Every time I visit my Father at the nursing home, a piece of my heart begins to bleed. It drips down and puddles on the floor of my day. Most people don’t notice it. But I know it’s there. I wish it weren’t. I wish I could make it vanish, but I am not strong enough to wash it away.

I took care of my Father for 9 ½ years before it became absolutely necessary for us to move him to a facility. I know he’s in the right place. I know he’s receiving excellent care. But those words don’t make my heart stop bleeding. Last year, he blew out the candles on his birthday cake, smiled and sang some songs. This year he couldn’t really see the candles to blow them.
Since he was diagnosed 17 years ago, the Alzheimer’s that’s turned his life upside down continues to take him away in pieces. And every time I find myself focusing on that sad reality, my heart bleeds more and the puddles get bigger. So I try not to think about it. I try to focus on the blessings, the fact that during some visits, he still knows I’m his daughter and tells me that he loves me. Or that he still prays and sings songs. Or that he’s mostly easy going and the nurses enjoy him. Or that each week the hospice chaplain visits him to sing hymns, read the Bible and pray over him. Or that he’s only 40 minutes away from our house. Or that he’s in the best facility in the southeast. And that always helps.
But what do I do about the blood at my feet? How do I wash it away?
If anyone knows anything about broken and bleeding hearts, it’s Jesus. Before He was born and laid down His life for mankind, Jewish priests would make animal sacrifices for the people’s sins. They would dip their finger in the bull’s blood and sprinkle it on the atonement cover seven times. (Leviticus 16:14)
Then Christ was born, lived a sinless life, loved people and showed them the true nature of God. And when Jesus became the sacrifice for our sins, He shed His blood seven times:
- In the Garden of Gethsemane, Jesus was under such duress that his capillaries burst and his sweat became drops of blood.
- Roman centurions lashed Jesus with a cat of nine tails.
- This horrific scourging caused extensive internal bleeding.

- Jesus bled when the crown of thorns was put on His head.
- Jesus’ hands were nailed to the cross.
- A nail was driven into His feet.
- A sword pierced His side.
As Christians, we celebrate Good Friday because Jesus paid the penalty for our sins and made a way for us to have a relationship with God. He gave authority back to mankind and restored what was lost in the Garden of Eden. He changed everything, not just so we could go to heaven one day, but so we could live a victorious and abundant life here on earth.
So what does that have to do with my bleeding heart?
Some might say, well, if Jesus can handle that kind of pain, then you need to carry your cross and deal with the heartache. But that is ridiculous. No where in the Bible does Jesus approach the hurting and wounded and say, ‘Hang in there. As soon as you learn your lesson, you’ll receive healing.’ No! He healed them right there. Some healing was gradual but not because the person needed to “learn a lesson.” (Mark 8:22-25)

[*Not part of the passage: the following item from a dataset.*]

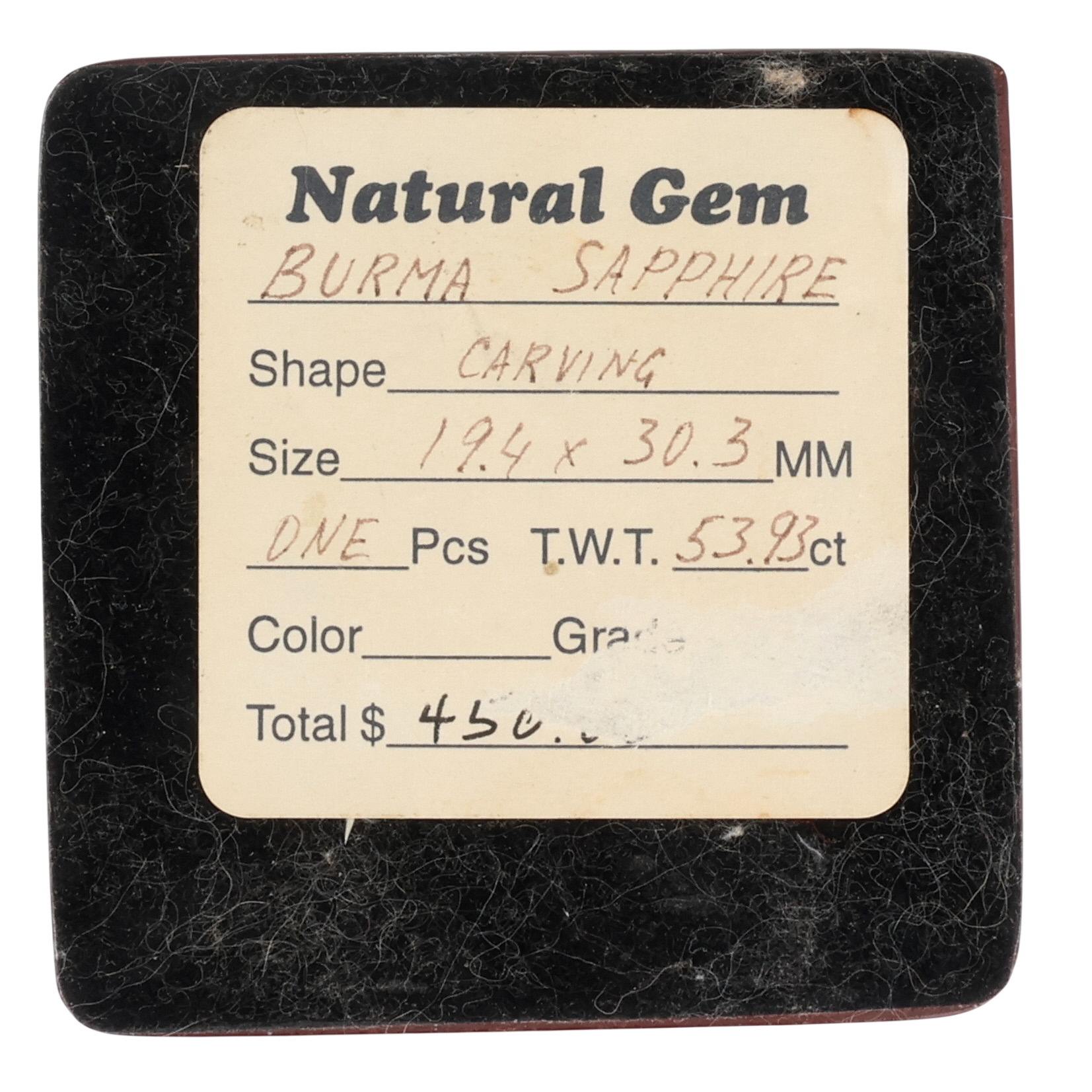 Burma Carved Sapphire Sz 19.4 by 30.3 MM TCW 53.93 in the box

Jesus paid for our healing before he went to the cross. “He himself bore our sins in His own body on the tree, that we might be dead to sin and live for righteousness. By His stripes you have been healed.” I Peter 2:24
This doesn’t mean I’m never going to hurt or experience heartache. But it does mean that my pain is covered by the blood of Jesus. All of it. And I don’t have to ask for it. “…you have been healed” means I already have it. It’s mine. It’s part of my inheritance. And if you’re a child of God, it’s your inheritance too. Not for when you get to heaven but here on earth. Right now.
So what does that look like whenever I go to see my Father at Fountainview? It means every time I hurt, every time I look down and see the blood pooling at my feet, all I have to do is agree with what Jesus has already done.
“Father, Your Word says ‘by your stripes I have been healed’. So I give you this heartache and I thank you for healing me.”
When Jesus went to the scourging post and was lashed with a cat of nine tails, he paid for and secured my healing. So no matter how much blood pools at my feet on those difficult visits with my Dad, Jesus’ blood washes it all away.
Jesus didn’t just die for my salvation. He died to deliver me, heal me, call me, empower me, fill me and bless me beyond measure. His blood covers every single need I ever had or will have. His death wasn’t a fire insurance policy to keep me out of hell; it was a glorious exchange. Jesus took my sin and gave me His righteousness, or right standing with God. He gave me the keys to the kingdom. I don’t have to wait until I get to heaven to get them. I have them now.
So I don’t have to stay in the heartache of my Dad’s illness. No matter how many times I visit my Dad, no matter how much he’s regressed, even if he forgets who I am, the blood of Jesus has secured my healing. For my brokenness, my sorrow, my grief and my pain.
And if that doesn’t make this Friday ‘Good’, then I don’t know what does.
Great article Angie and a very good analogy.
Mom
This is so good, Angie. Sounds like Jack is doing well at the nursing home. Praying for you and Jane often🙏🏼 I have miss your blogs!